** Recorded data follows **
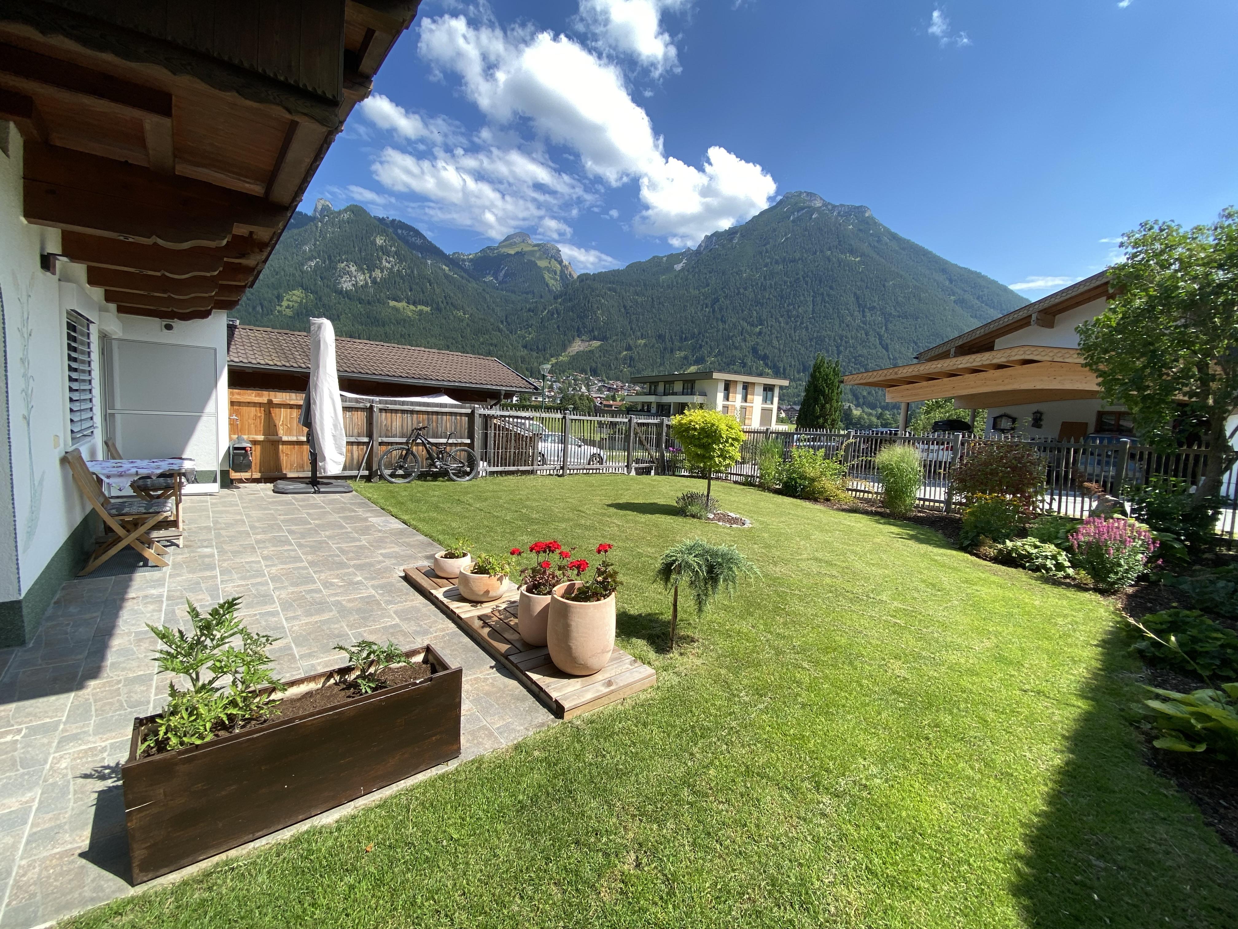 Wir bieten eine moderne Ferienwohnung mit einem großen Wohn-/Schlafzimmer, Küche, Badezimmer und Extra-WC. Mit dabei ist eine Terrasse mit wunderschönem eingezäunten Garten mit Blick auf das Rofangebirge. Gartis Parkplatz ist vor der Wohnung, Bettwäsche und Handtücher inklusive.
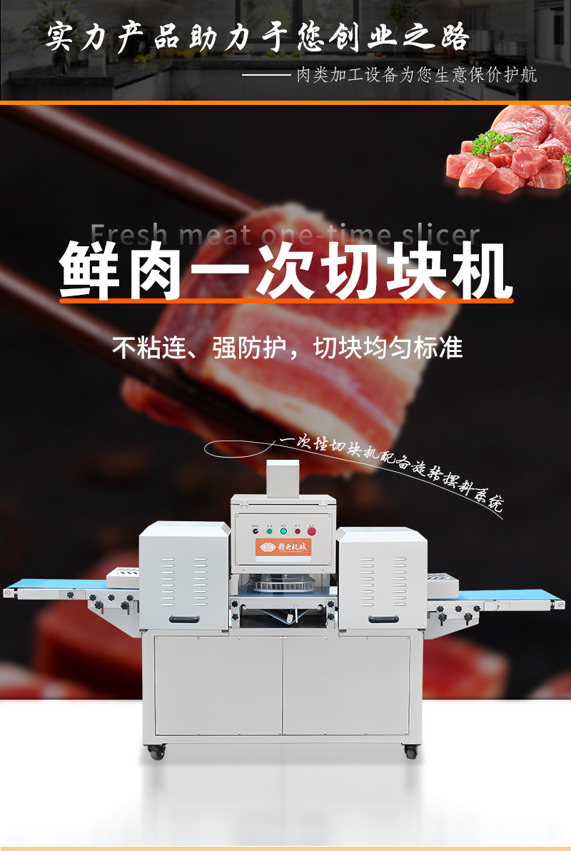 適用于:五花肉、牛肉、魚、雞、鴨等鮮肉和家禽的快速切塊,一次成塊。
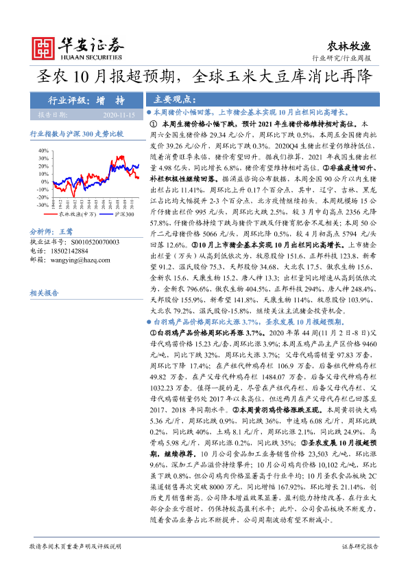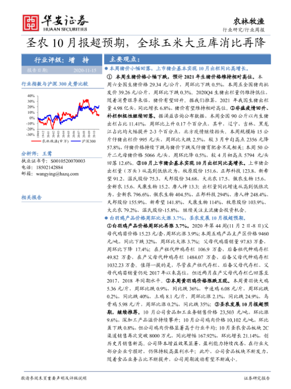 【华安证券】【20201115】20201115-华安证券-农林牧渔行业周报:圣农10月报超预期,全球玉米大豆库消比再降-38页
** End of Recorded data **
» **What to produce**
Give back each line above verbatim, dropping every picture.

» **Response to the task**
 Wir bieten eine moderne Ferienwohnung mit einem großen Wohn-/Schlafzimmer, Küche, Badezimmer und Extra-WC. Mit dabei ist eine Terrasse mit wunderschönem eingezäunten Garten mit Blick auf das Rofangebirge. Gartis Parkplatz ist vor der Wohnung, Bettwäsche und Handtücher inklusive.
 適用于:五花肉、牛肉、魚、雞、鴨等鮮肉和家禽的快速切塊,一次成塊。
 【华安证券】【20201115】20201115-华安证券-农林牧渔行业周报:圣农10月报超预期,全球玉米大豆库消比再降-38页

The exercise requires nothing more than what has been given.